For accidents – no matter who’s at fault – an emergency fund that can cover your car insurance deductible can help you handle repairs comfortably. If a new car is giving you trouble, be sure to check if it’s still under warranty as the repair might be covered. Otherwise, your emergency fund can help cover the costs of any unexpected car repairs.
Just try to avoid tapping into your emergency fund for routine maintenance like oil changes, new brake pads, new tires, or even a renewed registration or license. These are expected expenses that ideally should be budgeted for.
Houses need periodic maintenance and home appliances usually have to be replaced in time. It’s a fact of life. But technology lifespans – and mother nature – can be hard to predict. If you need to make a surprise home repair like fixing a faulty hot water heater or problematic AC system in the heat of summer, you can consider using your emergency fund.
Homeowners insurance may cover the effects of natural disasters or other catastrophic events, but experts suggest it’s okay to tap into your emergency fund to cover the deductible if needed.
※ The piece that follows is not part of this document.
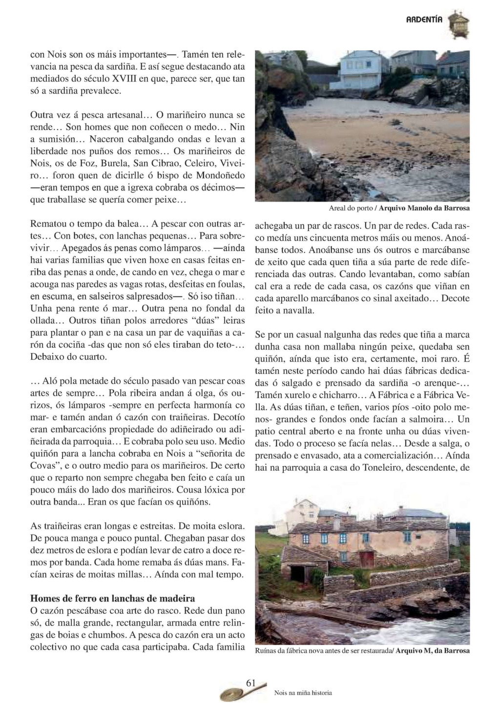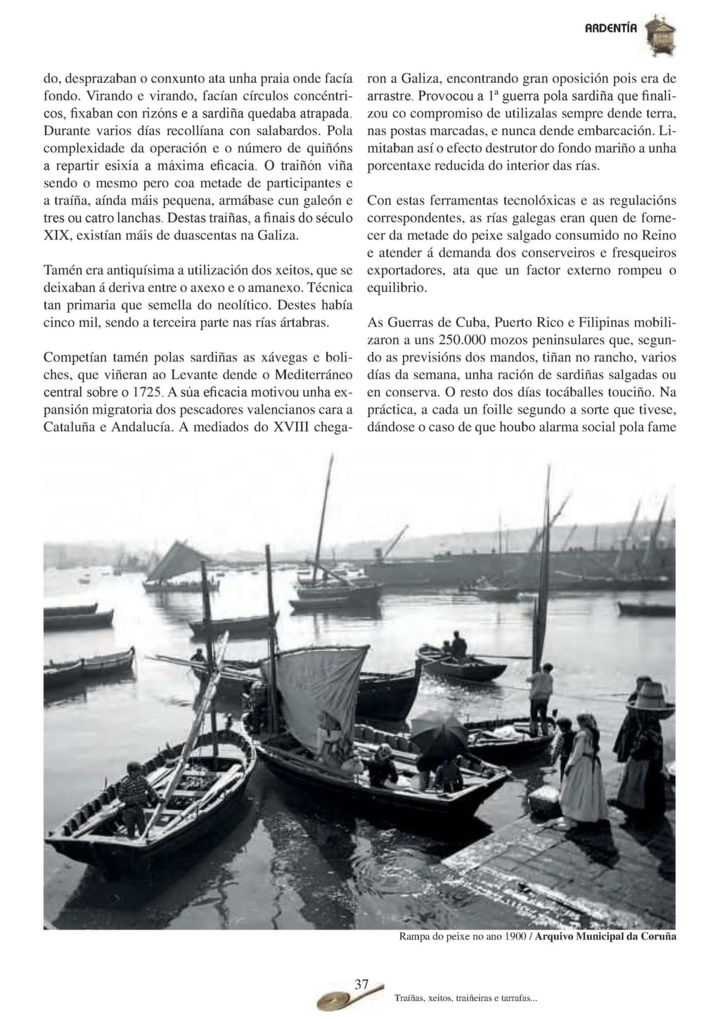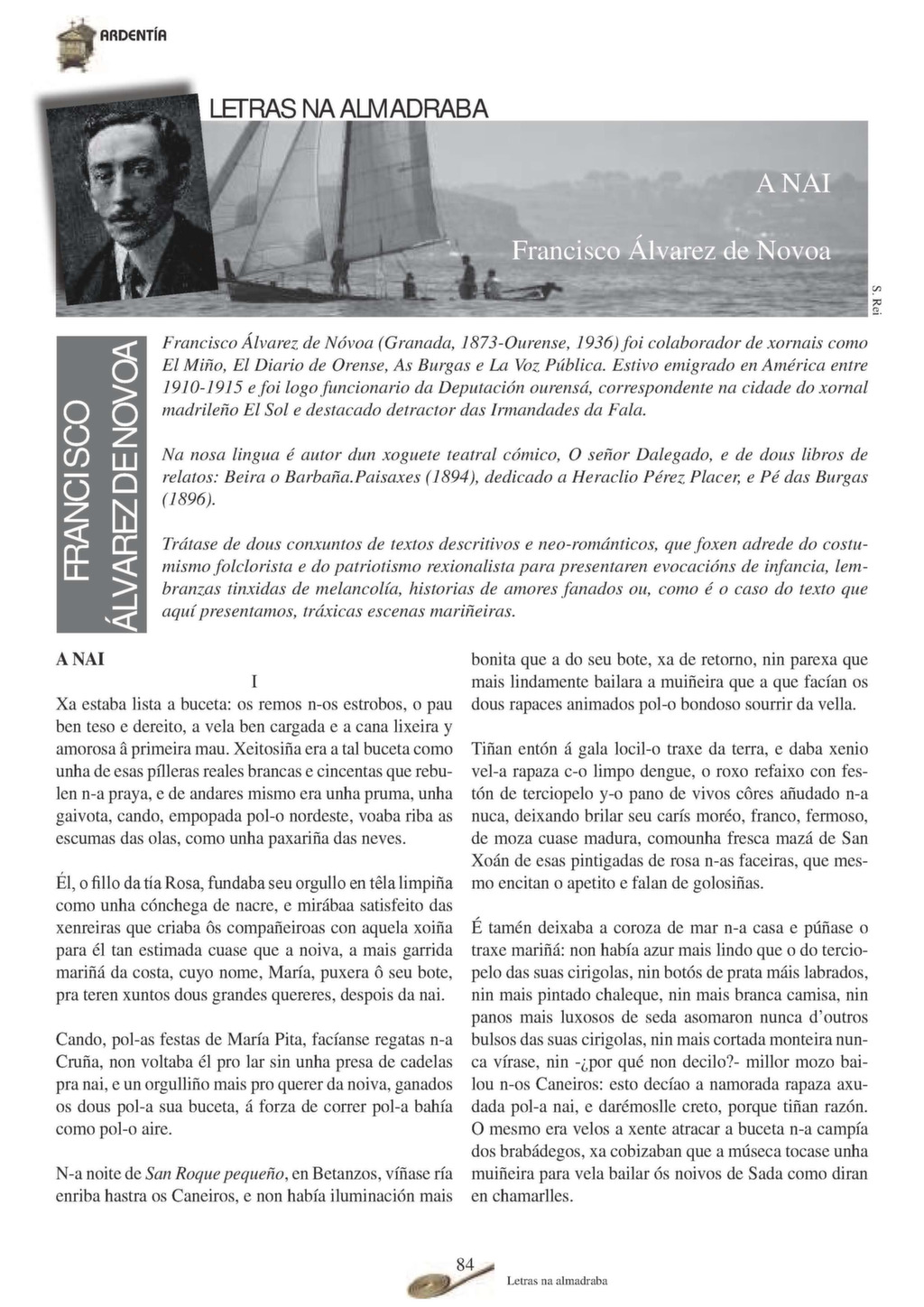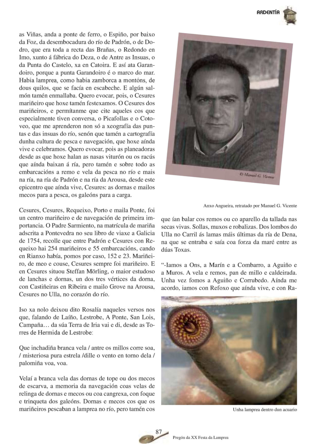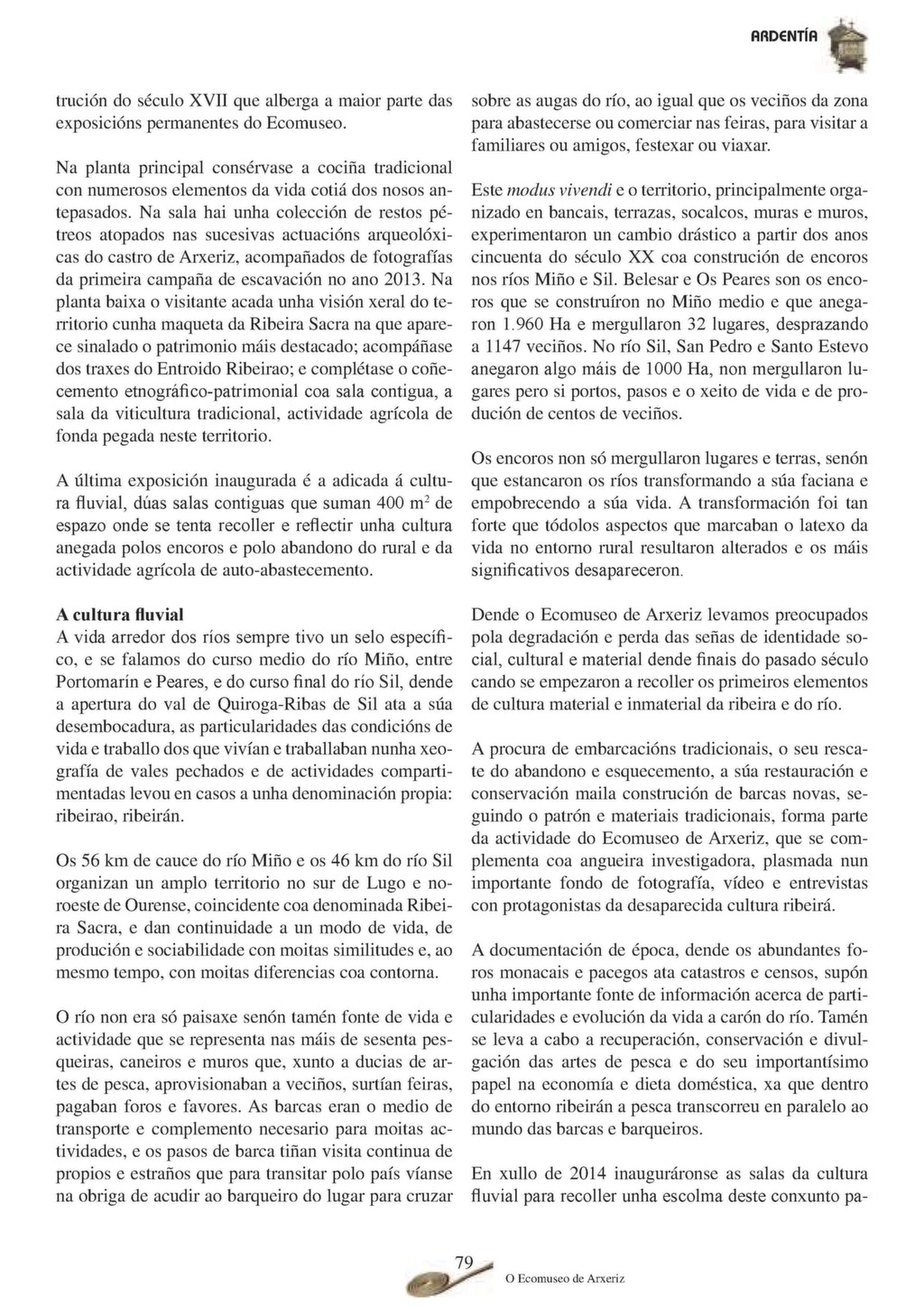 A Atalaia | A nova singradura de Ardentía, co patrón Luís Rei no Leme | Luís Rei e a revista Ardentía: unha experiencia impagábel de divulgación da nosa cultura marítima e fluvial | O mar; punto de encontro | Furtivos | Percorrendo a historia da illa de Tambo | Memoria das últimas embarcacións mariñeiras de vela en Combarro e na Ría de Pontevedra | O Penendo dos Ladróns; un novo xacemento paleolítico da comarca do Condado | Traíñas, xeitos, traiñeiras e tarrafas. A rendabilidade industrial contra a cultura mariñeira | As paisagens do sargaço do norte de Portugal | A pesca da balea en Galicia | Nois na miña memoria | Bolinando o mar de Ons na voz do señor Francisco | As salgaduras de Portocubelo | O Ecomuseo de Arxeriz | Que inchadiña branca vela | Letras na almadraba | Pregón da Festa da Lamprea de Cesures | Sino de Proa | As orixes da gamela galega e da masseira portuguesa | Lecturas para navegantes | Pintores do mar: Maruja Mallo | As que navegan. Crónica sentimental do XII Encontro de Embarcacións Tradicionais de Galicia

If you’re a renter, contact your landlord. Certain repairs may be covered under your lease.
No matter how healthy you and your family are, some medical situations sometimes can’t be avoided. Whether it’s from a playtime accident, appendicitis, or a surprise root canal, an emergency fund can help you comfortably cover unexpected, urgent medical bills – especially if you have a high health insurance deductible.
A close friend of mine once took a job in London. She had just gotten settled in when a bit of a crisis hit close to home, requiring her to leave the new job, pack up all of her things, and hop on a flight back to her family home in New York. She used her emergency fund to make it happen, and cover her essential expenses while in between jobs.
Since personal finance is, after all, personal, you get to decide what constitutes an urgent, emergency expense. For example, I usually wouldn’t consider a new cell phone something worth tapping into my emergency fund for, but sometimes life happens. My cell phone was recently stolen with no chance of getting it back. Since I need one for work, and I don’t have a home phone, I tapped into my emergency fund to immediately get a replacement. I’ve since set aside money from every paycheck to rebuild the savings.
The most important thing is to know your wants – aka discretionary expenses – from your needs, which are essential expenses like food and shelter. And if you do tap into your emergency fund, start rebuilding it as soon as you are able.
If you don’t have an emergency fund, you still have options. To help ease the burden of unexpected expenses, try to cut back on discretionary spending and establish a budget. Can you swing it? If so, great! If not, that’s okay too. If the expense isn’t too extreme, consider opening a 0% intro APR credit card. That way you can pay back a large, unexpected expense over time, interest free, as long as it’s paid off during the intro. Just be sure to pay close attention to the card’s terms and conditions so you’re not surprised when the introductory period ends.
Besides credit cards, there are plenty of ways to borrow money, whether it’s from a family member, from your retirement account, or your home equity. But each method has its trade-offs.
Still, personal finance professionals do insist that it’s wise to build an emergency fund. Remember that it’s okay to start small: $500 or $1,000 can be enough to cover a minor unexpected expense. Even setting aside $50 every other week can go a long way over time.
Think of an emergency fund as your secret weapon against whatever monkey wrenches life throws at you, financially – not as a savings account to tap into when you’ve got a pricy item on your wish list. Emergency expenses generally include things like car and home repairs, unexpected medical bills, and covering the essentials when in between jobs. If you have to tap into your emergency fund, just be sure to rebuild it as soon as possible. It can’t hurt to be prepared.